◆ EXERCISE
What you return must match the listing exactly, with every image removed.

◆ DATASET SECTION
+++
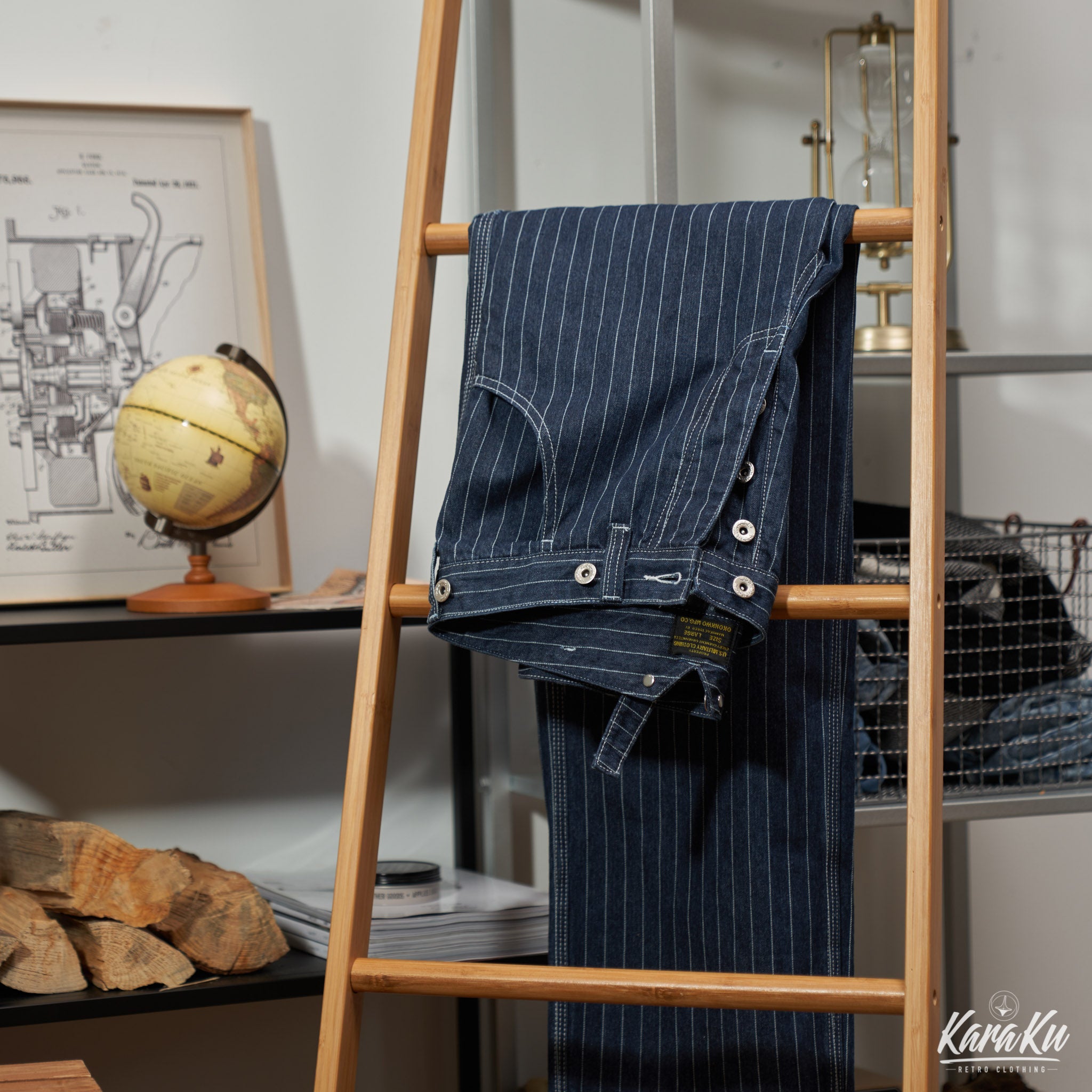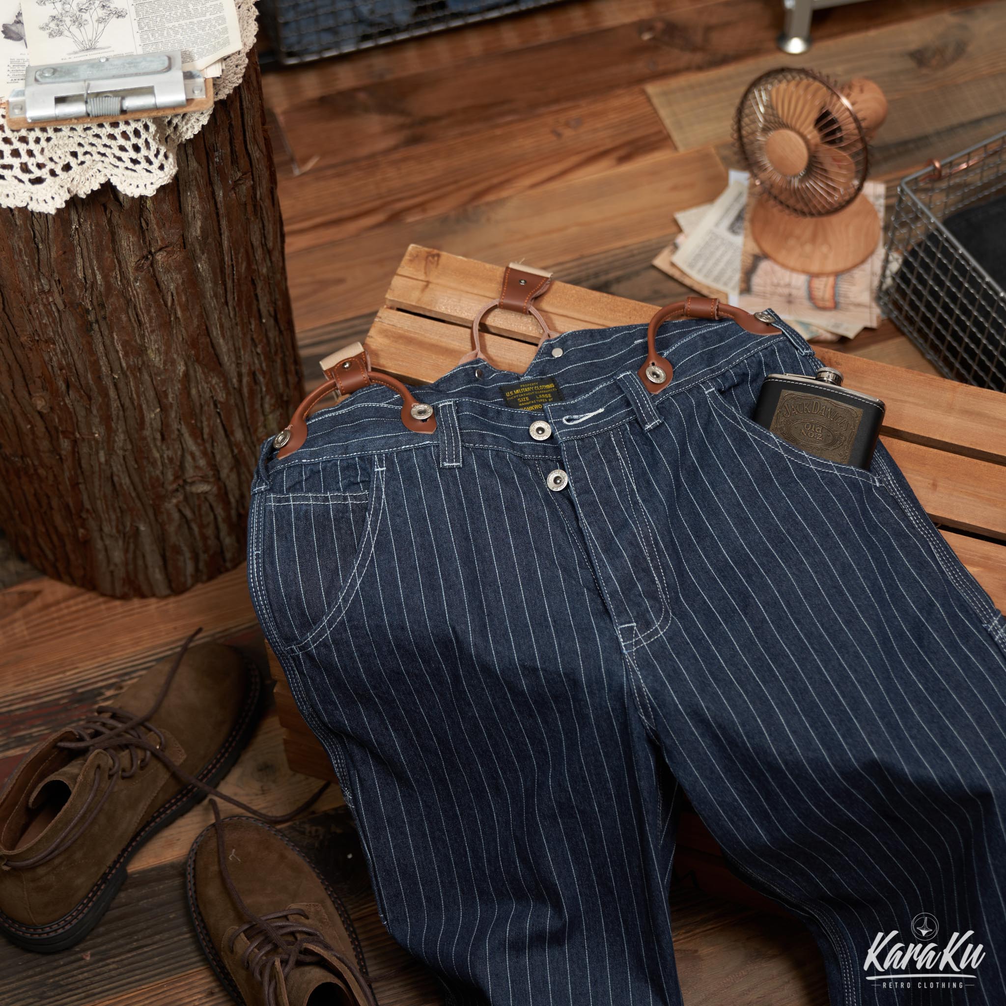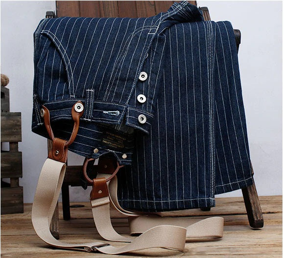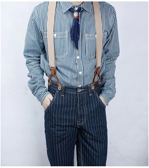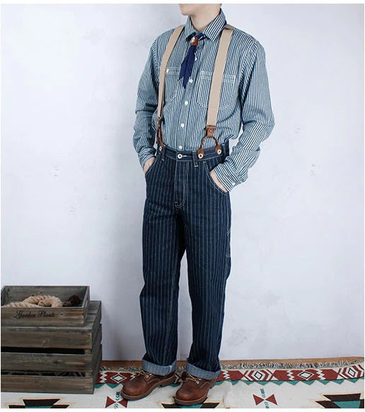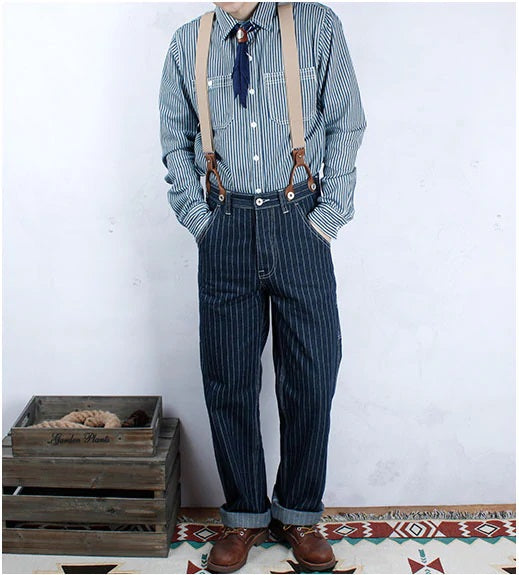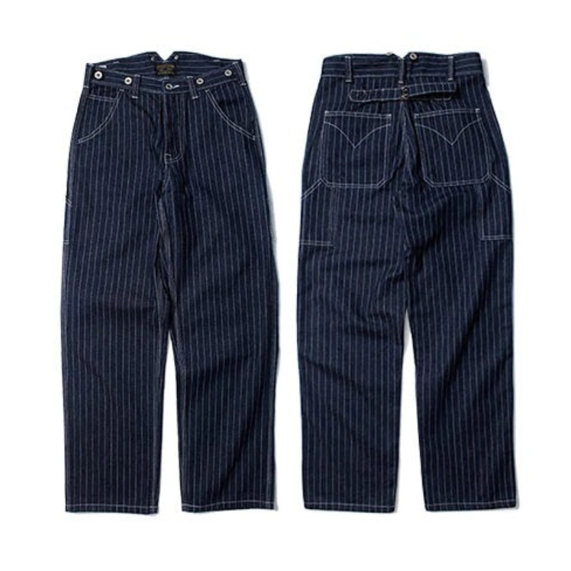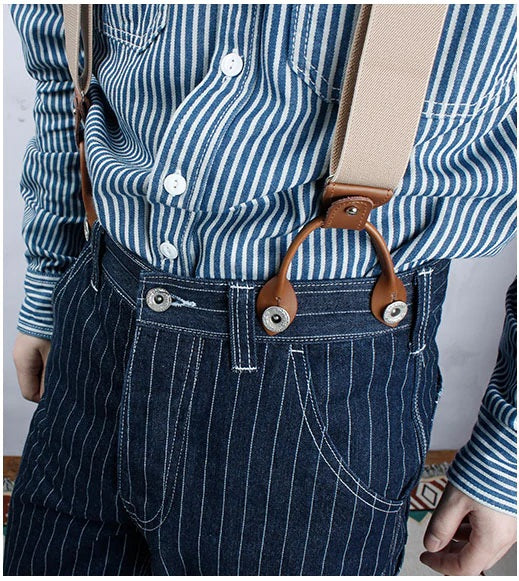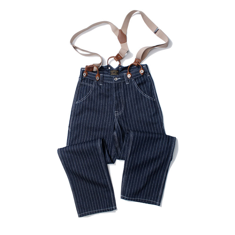 サスペンダー付きストライプワークパンツ
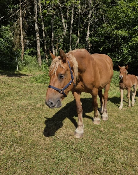 Trait Comtois Mare with Filly at Foot – with Pedigree For sale is the 11-year-old Trait Comtois mare Etoile du Ruchard. She is a registered breeding mare and has complete pedigree papers. Etoile du Ruchard is currently with a filly at foot. The filly was born in June 2025, is currently 3 months old, and has full pedigree. A covering certificate is available for the filly. The foal is healthy and developing very well for its age!!! The mare was used by the previous owner both as a driving horse and as a riding horse. She is strong, breed-typical, and offers a solid foundation for breeding, leisure, or work in harness. Details at a glance: Breed: Trait Comtois Mare, 11 years, Name: Etoile du Ruchard Height: 168 cm Registered breeding mare with pedigree Filly at foot, born 06/2025, with full pedigree and covering certificate Previous use: Driving & Riding Currently on rest due to the foal!!! This means the mare is not being worked at the moment!!! Image 4: Pedigree of the mare Image 5: Pedigree of the foal Viewing possible at any time by appointment. Further information available upon request.
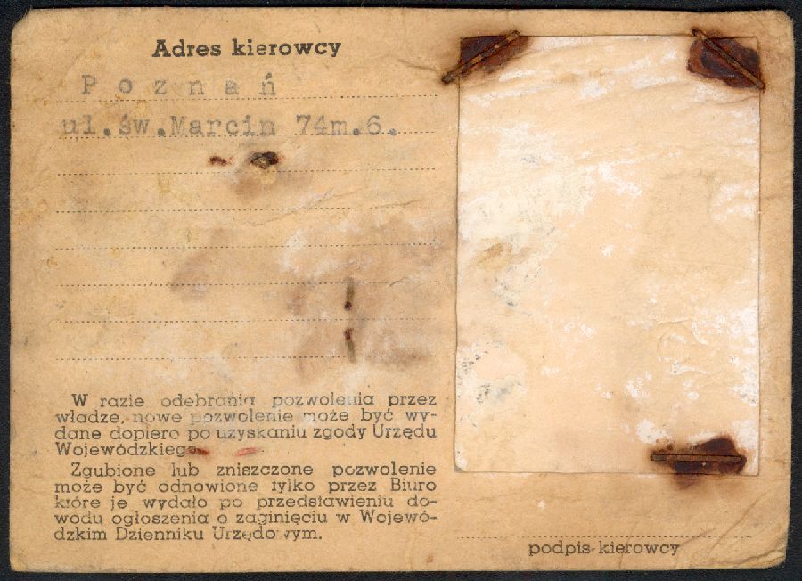 [s. 2] Adres kierowcy / Poznań / ul. św. Marcin 74 m. 6 / [ślady po fotografii]
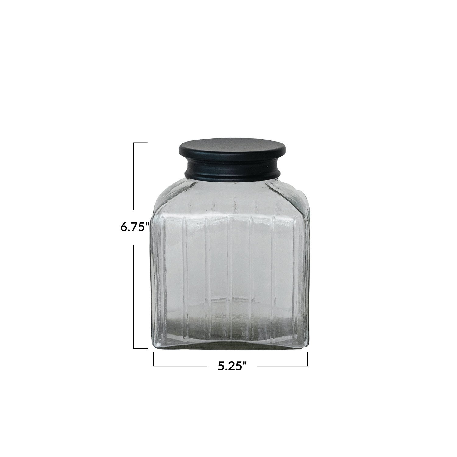 6 Cup Pressed Glass Jar w/ Black Stainless Steel Lid
+++
◆ SOLUTION TO THIS TASK
 サスペンダー付きストライプワークパンツ
 Trait Comtois Mare with Filly at Foot – with Pedigree For sale is the 11-year-old Trait Comtois mare Etoile du Ruchard. She is a registered breeding mare and has complete pedigree papers. Etoile du Ruchard is currently with a filly at foot. The filly was born in June 2025, is currently 3 months old, and has full pedigree. A covering certificate is available for the filly. The foal is healthy and developing very well for its age!!! The mare was used by the previous owner both as a driving horse and as a riding horse. She is strong, breed-typical, and offers a solid foundation for breeding, leisure, or work in harness. Details at a glance: Breed: Trait Comtois Mare, 11 years, Name: Etoile du Ruchard Height: 168 cm Registered breeding mare with pedigree Filly at foot, born 06/2025, with full pedigree and covering certificate Previous use: Driving & Riding Currently on rest due to the foal!!! This means the mare is not being worked at the moment!!! Image 4: Pedigree of the mare Image 5: Pedigree of the foal Viewing possible at any time by appointment. Further information available upon request.
 [s. 2] Adres kierowcy / Poznań / ul. św. Marcin 74 m. 6 / [ślady po fotografii]
 6 Cup Pressed Glass Jar w/ Black Stainless Steel Lid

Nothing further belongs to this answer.